As there is such a term $(1-rx)$ on the LHS as part of the divisor, I thought that that implies that $(1-rx)\ne0$, which means $x\ne\frac{1}{r}$. But later on, as mentioned above, the author just let $x=\frac{1}{r}$, which doesn't seems to make sense to me.

My question is why is this operation allowed? Is there any special theorem related to this?

Thanks in advance.

Answer 1

Generating functions are often in a class of objects called formal power series, where the notion of convergence need not apply (though it often does for small values of $x$). That is to say, you are not actually evaluating the series for any value of $x$; it is being treated as an algebraic object in its own right. All you care about are the coefficients for each power of $x$, and this substitution is merely an algebraic trick to find them.

Answer 2

The left-hand side of (1) \begin{align*} \frac{1}{(1-x)(1-2x)\cdots(1-kx)}=\sum_{j=1}^{k}\frac{a_j}{1-jx}\tag{1} \end{align*} is a rational function in the variable $x$ with poles $\frac{1}{r}, 1\leq r\leq k$. The denominator is zero at the poles and the function is not defined there. The right-hand side is the same rational function but written using a partial fraction decomposition.
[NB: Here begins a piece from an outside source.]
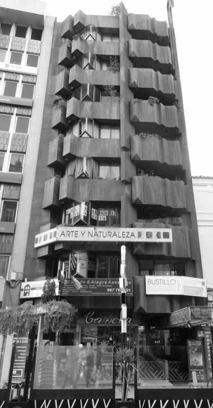 En el aspecto material, la fachada está constituida por paneles ligeros de un color ceniciento, muy oscuro, que confieren al edificio una apariencia mineral, de acantilado volcánico que, para redondear el efecto perseguido, de recreación telúrica, precisaría de una mejor colaboración de los vecinos en el cuidado de la vegetación arraigada en las jardineras, rala e insuficiente a día de hoy. Mucho peor resulta la desconsiderada superposición de un rótulo publicitario que, para más inri, se remite al arte y la naturaleza.

If we now fix an $r$ with $1\leq r\leq k$ and multiply the rational function with $(1-rx)$. We get \begin{align*} \frac{1-rx}{(1-x)(1-2x)\cdots(1-kx)}=\sum_{j=1}^{k}\frac{a_j(1-rx)}{1-jx}\tag{2} \end{align*}

In (2) we still have the poles $\frac{1}{r}, 1\leq r\leq k$ as in (1). But we can now cancel the term $1-rx$ resulting in \begin{align*} &\frac{1}{(1-x)(1-2x)\cdots(1-(r-1)x)(1-(r+1)x)\cdots (1-kx)}\\ &\qquad\qquad=\sum_{j=1}^{r-1}\frac{a_j(1-rx)}{1-jx}+a_r+\sum_{j=r+1}^{k}\frac{a_j(1-rx)}{1-jx}\tag{3} \end{align*}

The cancellation of the factor $1-rx$ in (3) removes the pole $\frac{1}{r}$, which is a so-called removable singularity. Contrary to (1) and (2) there is no harm to evaluate the rational function in (3) at $x=\frac{1}{r}$.

We can now evaluate (3) at $x=\frac{1}{r}$ and get the values $a_r, 1\leq r\leq k$.